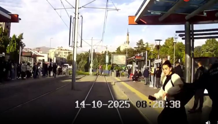 Cumhuriyet meydanındaki raylı sistem hattında meydana gelen olayda; kulaklığı takılı olduğu için çevresini fark edemeyen genç kız, karşıya geçmek için tramvay yoluna doğru hamle yaptı. Durumu fark eden güvenlik görevlileri son anda genç kızı çekerek tramvayın altında kalmaktan son anda kurtardı.
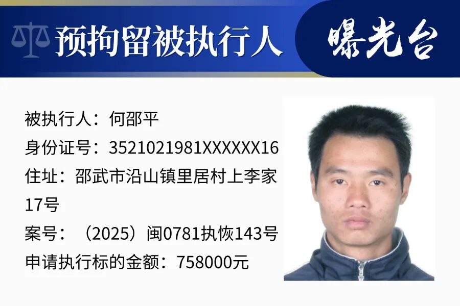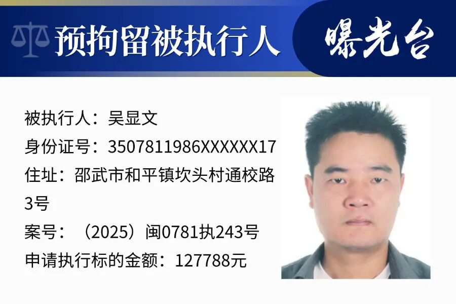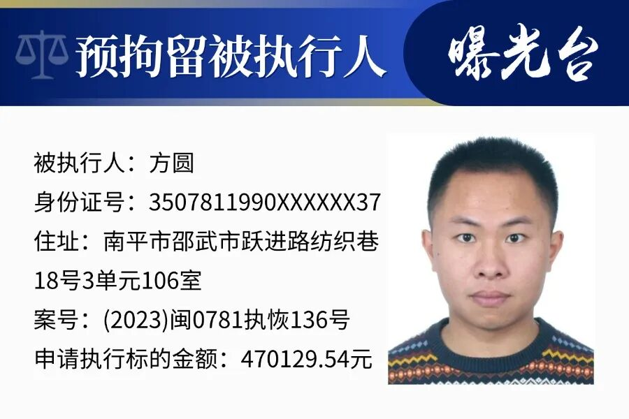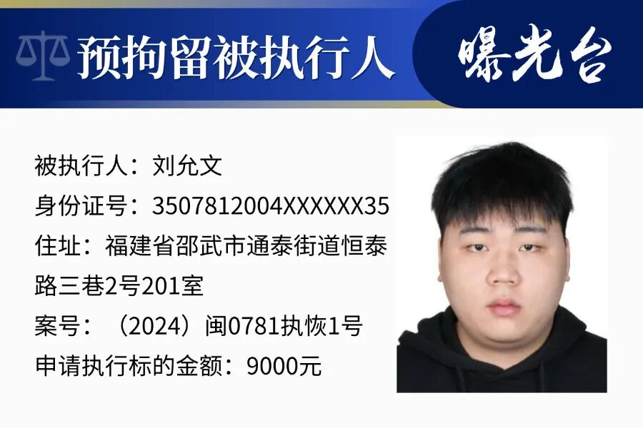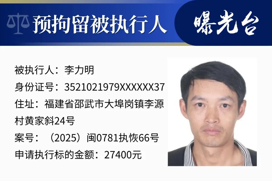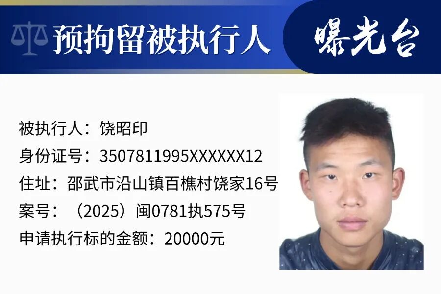 为切实保障胜诉当事人合法权益,维护司法权威,依照《中华人民共和国民事诉讼法》《最高人民法院关于民事执行中财产调查若干问题的规定》等有关规定,本院拟对有规避执行、拒不申报财产等行为的9名失信被执行人予以司法拘留。现根据《最高人民法院关于在执行中进一步强化善意文明执行理念的意见》,本院正告预拘留失信被执行人尽快履行生效法律文书所确定的义务,否则本院将采取司法拘留措施;构成犯罪的,将以拒不执行判决、裁定罪追究刑事责任。 特此公告。 联系电话: 0599-6338523 0599-6322127 邵武市人民法院 2025年9月19日 本期预拘留名单如下: |
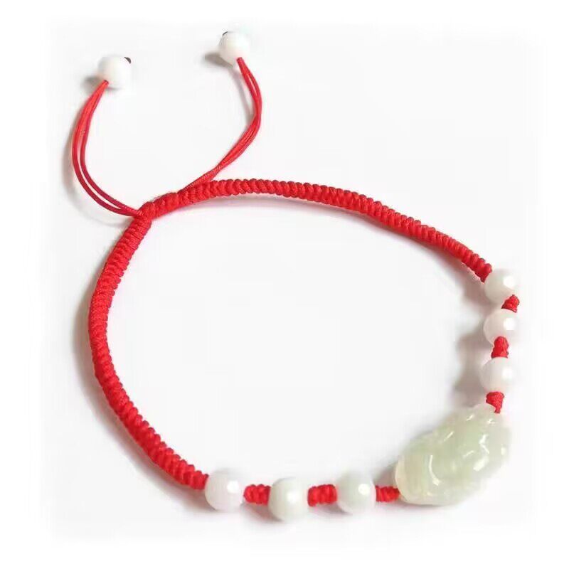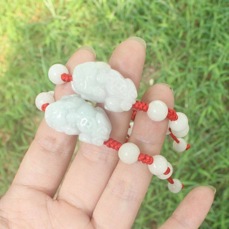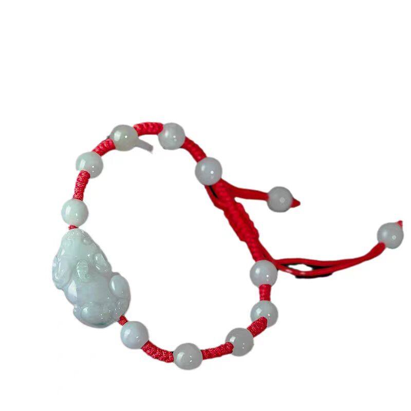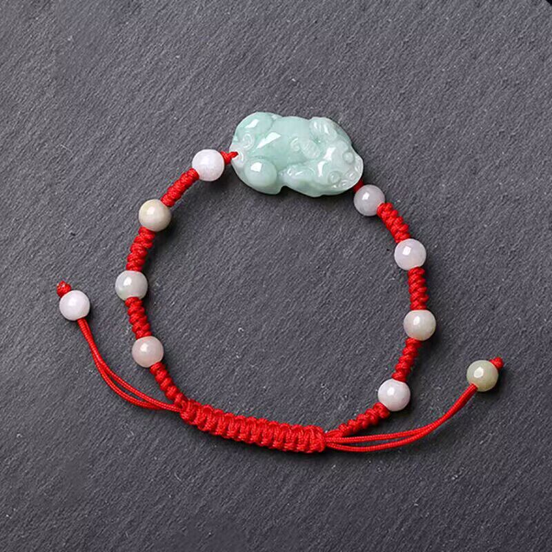 祥祯福 翡翠貔貅手串男女可调节天然冰糯种本命年红绳玉石手链
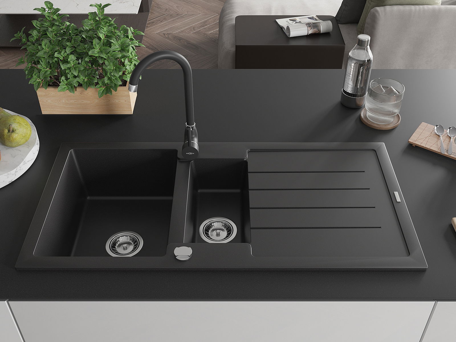 Мивката е направена от висококачествен гранит. Това е елегантно и най -вече практично допълнение към всяка кухня, независимо от нейния стил. Висококачествената и гранитна издръжливост осигуряват много години употреба.
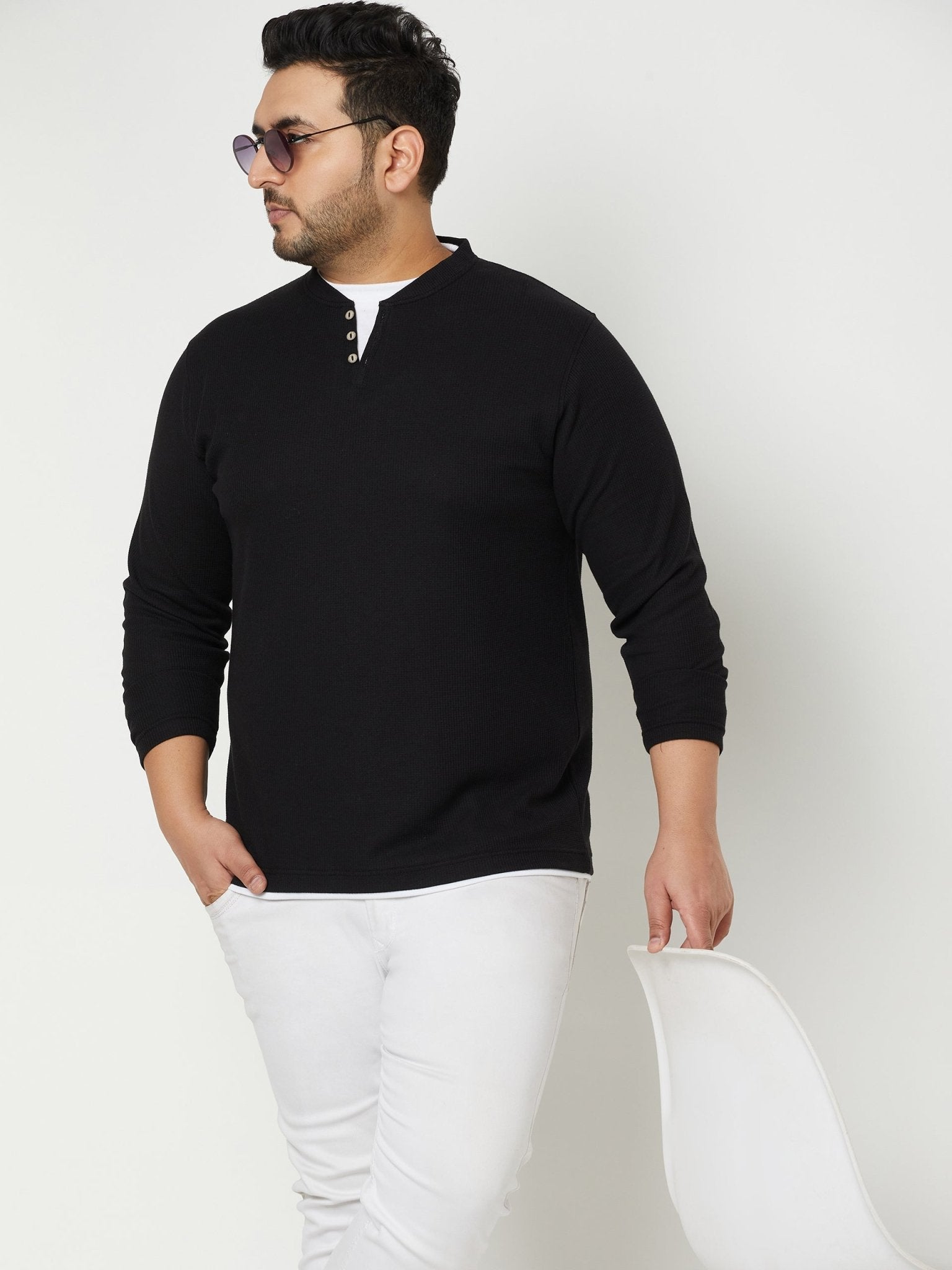 Black Colorblocked Round Neck Plus Size T-Shirt 1302
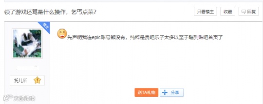 反对Epic的玩家认为官方酝酿这么久,最后送出的游戏却让人大失所望。
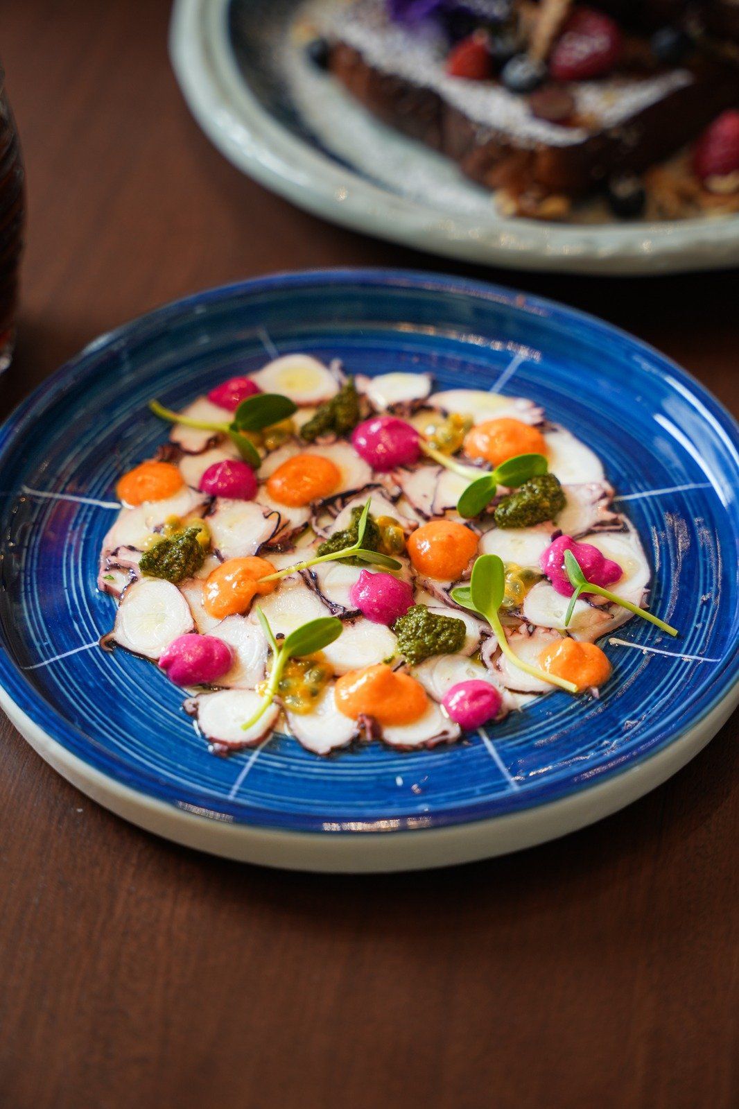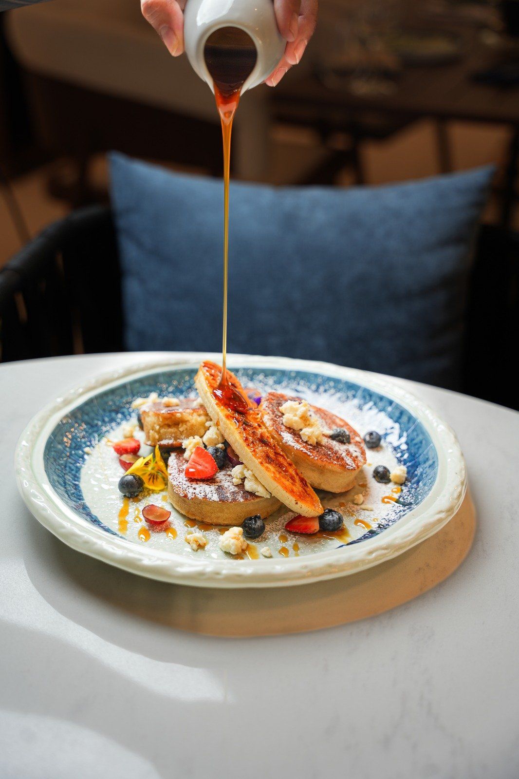 Buttered tsoureki brioche bread, fresh blue berry, honey, walnuts & icing sugar
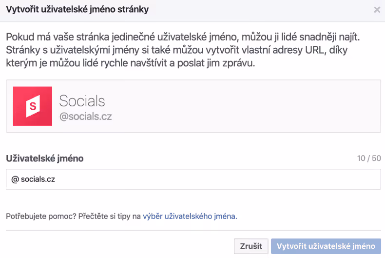 Když vytvoříte novou stránku na Facebooku, její URL adresa je něco jako facebook.com/jmeno-vasi-stranky-1234567. Abyste udělali URL adresu kratší a hezčí, musíte upravit uživatelské jméno. URL pak bude vypadat takto: facebook.com/socials.cz.
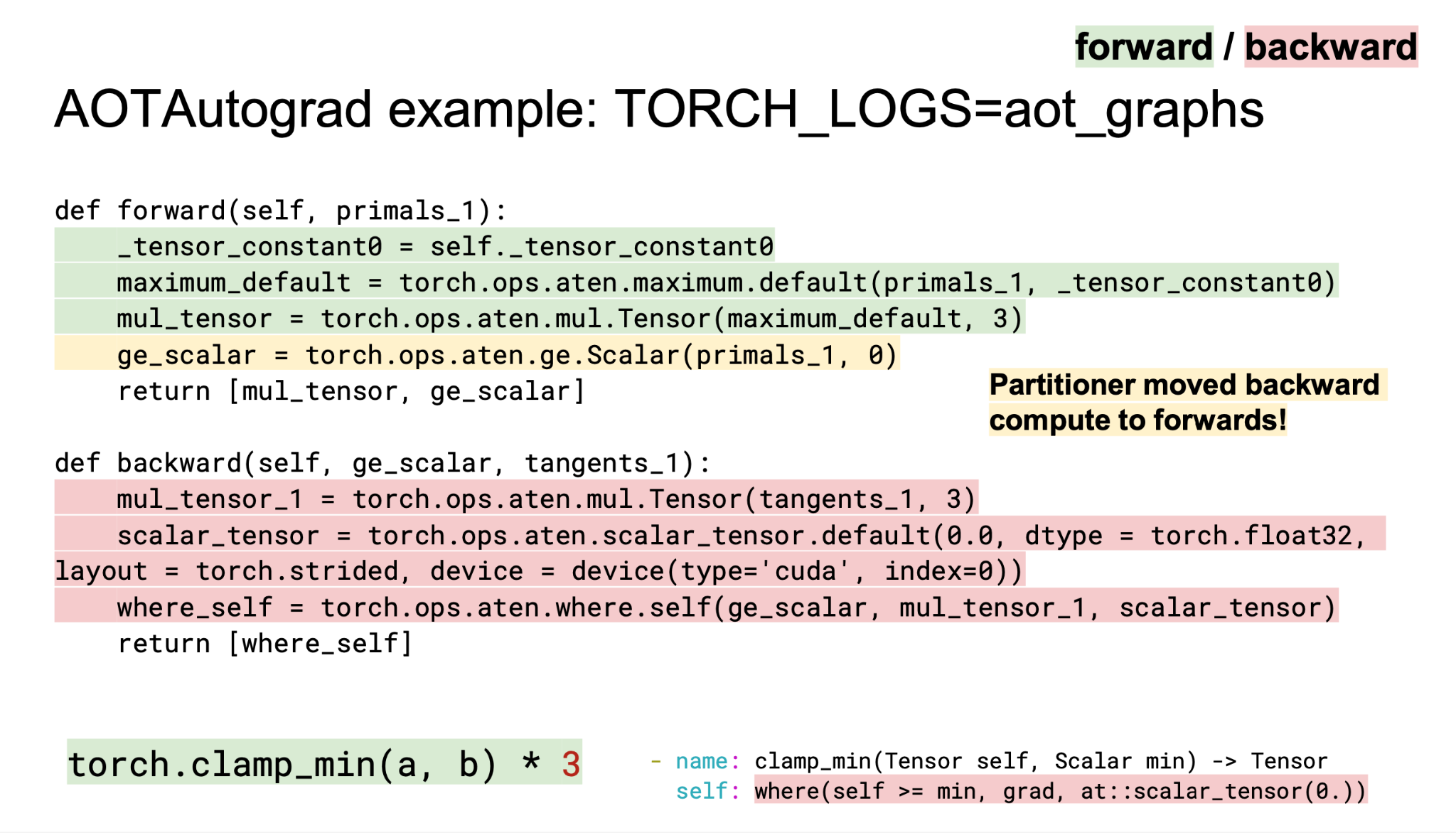 - Forward와 backward를 각각 backend compiler로 컴파일합니다.
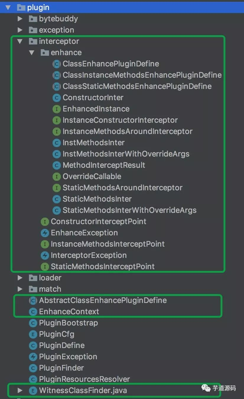 本文涉及到的类主要在 org.skywalking.apm.agent.core.plugin 包里,如下图所示 :
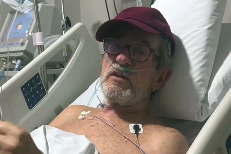 El artista, desde la cama de la clínica y de gorra, saludó a sus seguidores. “Amigos de Instagram, ténganme un poquito de paciencia, si tienen ganas o sino cambien porque no puedo escribir”, comentó, de buen humor, quien permanece en la clínica por una neumonía bilateral.
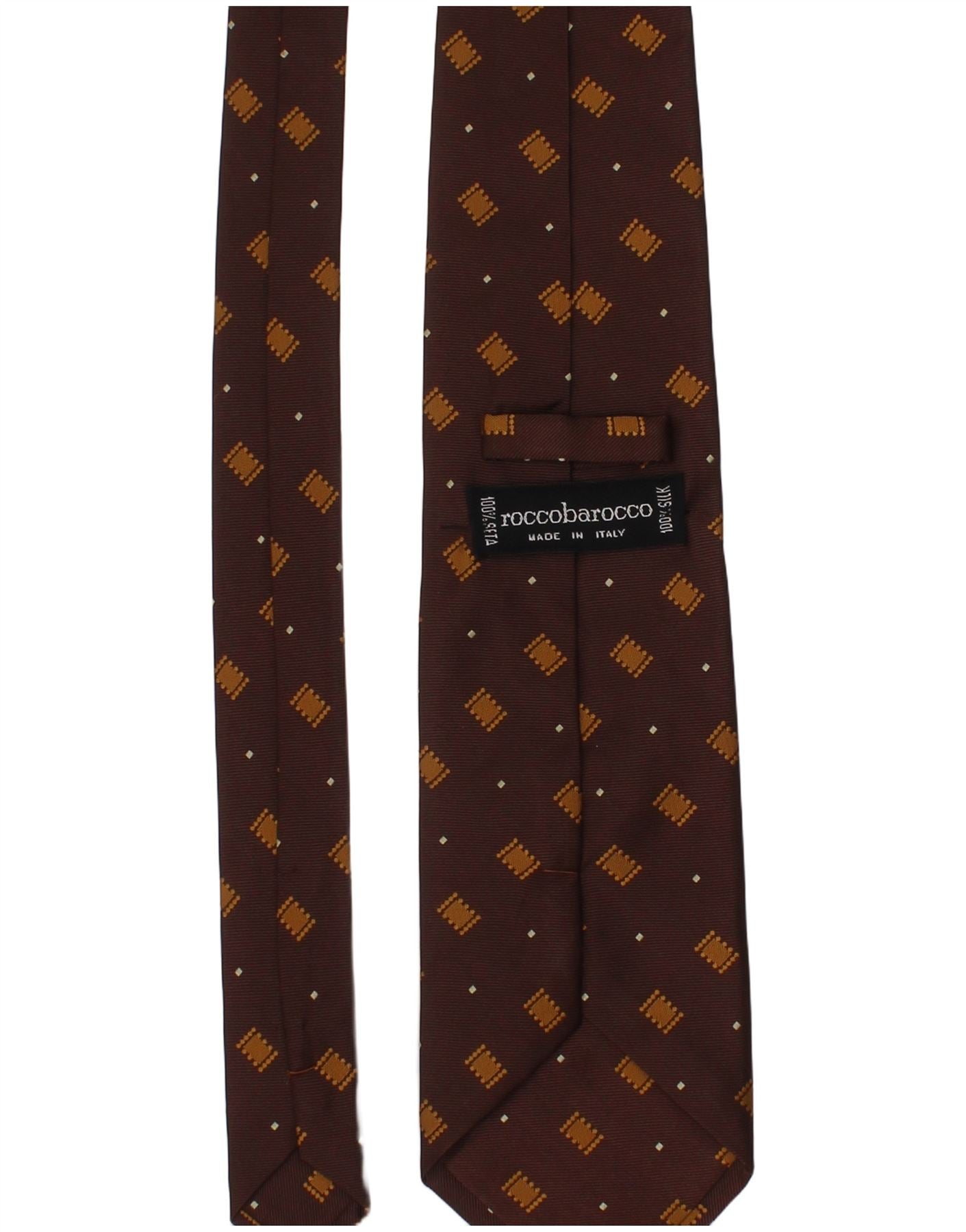 ROCCOBAROCCO Mens Tie One Size Brown Geometric Silk Classic
= = =
• _Exercise brief_
Only lines belong in the copy: transcribe those from the start of the data through the line that contains "祥祯福 翡翠貔貅手串男女可调节天然冰糯种本命年红绳玉石手链", and skip the pictures.

• _Response for this exercise_
 Cumhuriyet meydanındaki raylı sistem hattında meydana gelen olayda; kulaklığı takılı olduğu için çevresini fark edemeyen genç kız, karşıya geçmek için tramvay yoluna doğru hamle yaptı. Durumu fark eden güvenlik görevlileri son anda genç kızı çekerek tramvayın altında kalmaktan son anda kurtardı.
 为切实保障胜诉当事人合法权益,维护司法权威,依照《中华人民共和国民事诉讼法》《最高人民法院关于民事执行中财产调查若干问题的规定》等有关规定,本院拟对有规避执行、拒不申报财产等行为的9名失信被执行人予以司法拘留。现根据《最高人民法院关于在执行中进一步强化善意文明执行理念的意见》,本院正告预拘留失信被执行人尽快履行生效法律文书所确定的义务,否则本院将采取司法拘留措施;构成犯罪的,将以拒不执行判决、裁定罪追究刑事责任。 特此公告。 联系电话: 0599-6338523 0599-6322127 邵武市人民法院 2025年9月19日 本期预拘留名单如下: |
 祥祯福 翡翠貔貅手串男女可调节天然冰糯种本命年红绳玉石手链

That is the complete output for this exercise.